In a technical analysis Oasis Security said a high severity vulnerability dubbed “ClawJacked” in the self-hosted AI platform OpenClaw allowed malicious websites to brute force a local management password and take control of instances. OpenClaw released a fix in version 2026.2.26 on February 26. In lab testing attackers reached hundreds of password guesses per second from browser JavaScript.
KEY FACTS
- Incident ClawJacked vulnerability enabled local OpenClaw hijack
- Product OpenClaw self-hosted AI platform
- Fix OpenClaw 2026.2.26 released February 26
- Attack speed hundreds of password guesses per second from browser JavaScript
- Impact authenticated access can register trusted device and execute commands
The OpenClaw gateway binds to localhost by default and exposes a WebSocket interface. Browser cross origin policies do not block WebSocket connections to localhost, allowing JavaScript on a visited website to open a silent connection to the local gateway and attempt authentication.

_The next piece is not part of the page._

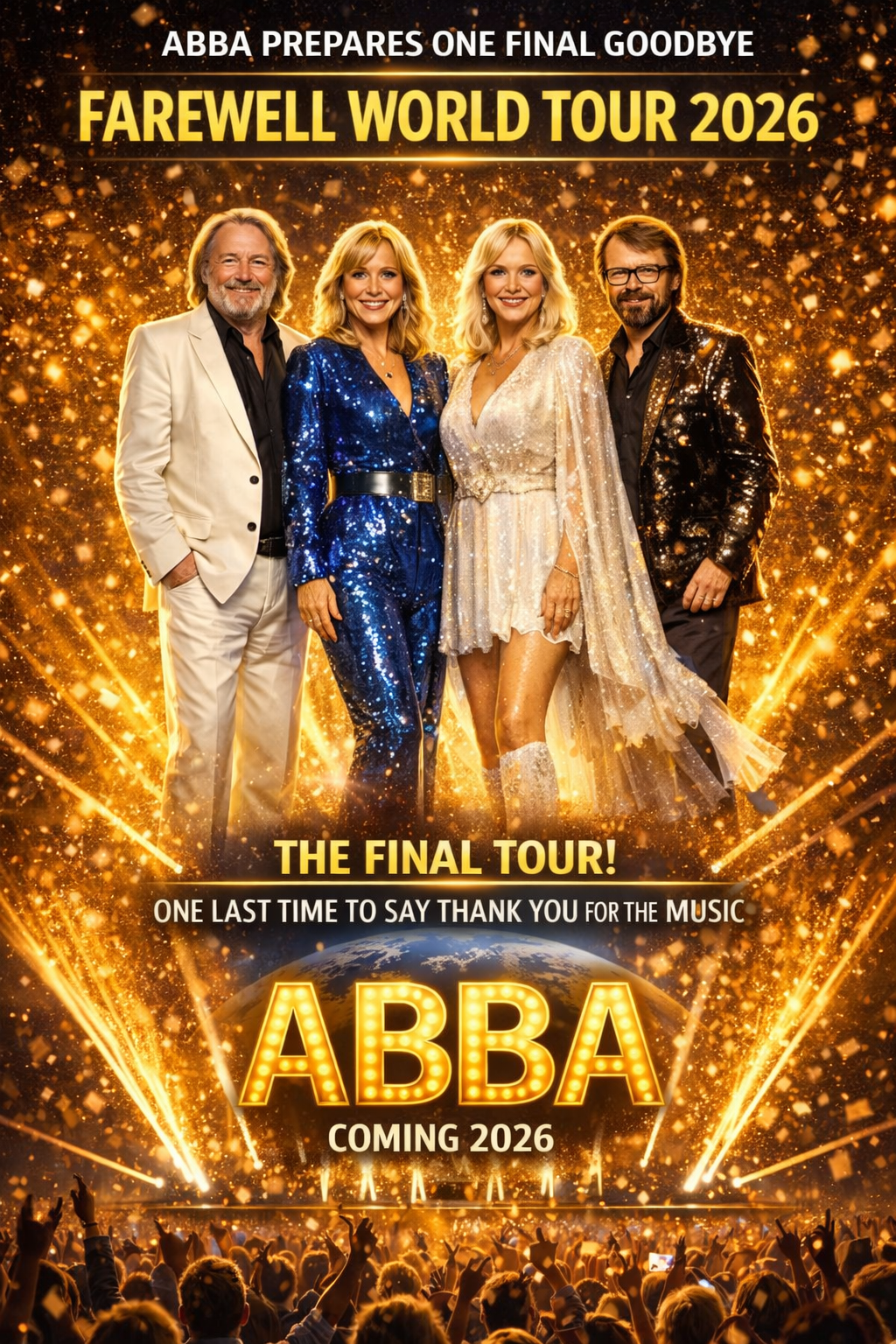 After more than fifty years of creating unforgettable music, dazzling performances, and cultural touchstones that span generations, ABBA is preparing to bid their final farewell. The iconic Swedish pop group, whose harmonies and hits have defined entire eras of popular music, has officially confirmed a global farewell tour set for 2026. For millions of fans around the world, this isn’t just another concert series — it is a historic closing chapter in the story of one of music’s most beloved acts.

The loopback address 127.0.0.1 was exempt from rate limiting by default so brute force attempts were not throttled or logged. The gateway also automatically approved device pairings from localhost without requiring user confirmation.
At a sustained rate of hundreds of guesses per second a common password list can be exhausted in under a second and larger dictionaries in minutes. Once an attacker obtains valid credentials they can register as a trusted device with admin permissions and interact with the platform.
With authenticated access an attacker can dump credentials, list connected nodes, read application logs, exfiltrate files from paired devices, or instruct agents to run arbitrary shell commands, which can lead to full workstation compromise. OpenClaw tightened WebSocket checks and added protections to prevent abusing localhost loopback connections in the patch released within 24 hours.
WHY IT MATTERS
A malicious webpage can hijack a locally running OpenClaw instance without user interaction if installations are unpatched. Updating to version 2026.2.26 or later removes the weakness that allowed automated brute force and silent device pairing abuse.